Secretary of Defense Chuck Hagel announced also announced that Vice Adm. Rogers has been selected to serve as commander of U.S. Cyber Command (USCYBERCOM) and as the chief of the Central Security Service. Rogers currently serves as the U.S. Fleet Cyber Command commander.

In the midst of an agency-wide crisis resulting from disclosures about the National Security Agency’s aggressive and widespread surveillance operations, Alexander announced his intention to step in March, ending his eight-year tenure.

Also departing the NSA is Deputy Director John “Chris” Inglis, the most senior civilian leader at the at the intelligence agency, who will be replaced by Richard Ledgett.

Officials contend that Alexander and Inglis’s departures are in no way connected to the controversies that have plagued the NSA since revelations by former contractor Edward Snowden rocked the agency with the disclosure of classified documents detailing extensive telephone, email and social-media data collection operations that included surveillance of U.S citizens.
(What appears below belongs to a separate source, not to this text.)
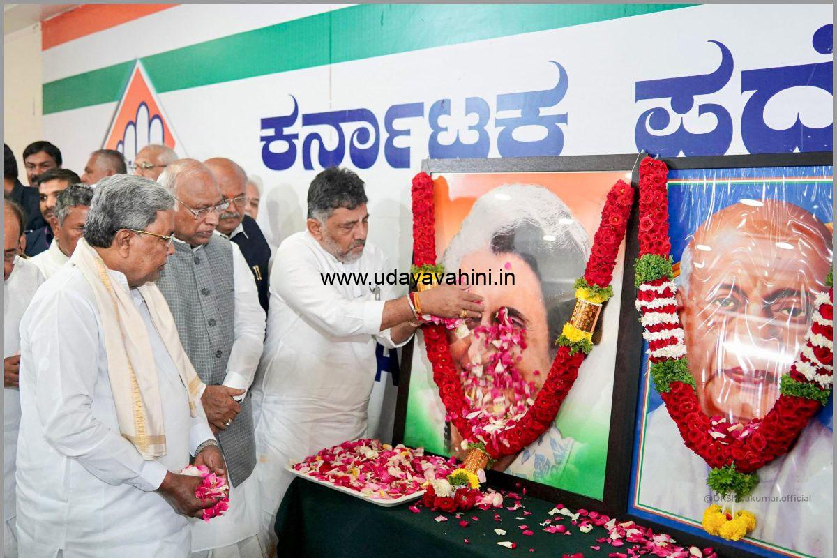 ಇಂದು ಕೆಪಿಸಿಸಿ ಕಚೇರಿಯಲ್ಲಿ ಇಂದಿರಾ ಗಾಂಧಿ ಪುಣ್ಯಸ್ಮರಣೆ ಕಾರ್ಯಕ್ರಮದಲ್ಲಿ ಎಐಸಿಸಿ ಅಧ್ಯಕ್ಷ ಮಲ್ಲಿಕಾರ್ಜುನ ಖರ್ಗೆ ಕೆಪಿಸಿಸಿ ಅಧ್ಯಕ್ಷ ಡಿ.ಕೆ ಶಿವಕುಮಾರ್, ಸಿಎಂ ಸಿದ್ದರಾಮಯ್ಯ, ಮಾಜಿ ಸಿಎಂ ವೀರಪ್ಪ ಮೋಯಿಲಿ, ಸಚಿವ ರಾಮಲಿಂಗಾರೆಡ್ಡಿ ಸೇರಿದಂತೆ ಹಲವರು ಭಾಗಿಯಾಗಿದ್ದರು.

“This has nothing to do with media leaks, the decision for his retirement was made prior; an agreement was made with the (Secretary of Defense) and the Chairman for one more year – to March 2014,” NSA spokeswoman Vanee Vines said in October.

After several years of the NSA and US Cyber Command being under the direction of one chief, top military and civilian leaders had advocated for divorcing the two positions after Alexander steps down, but that turns out to not be the case.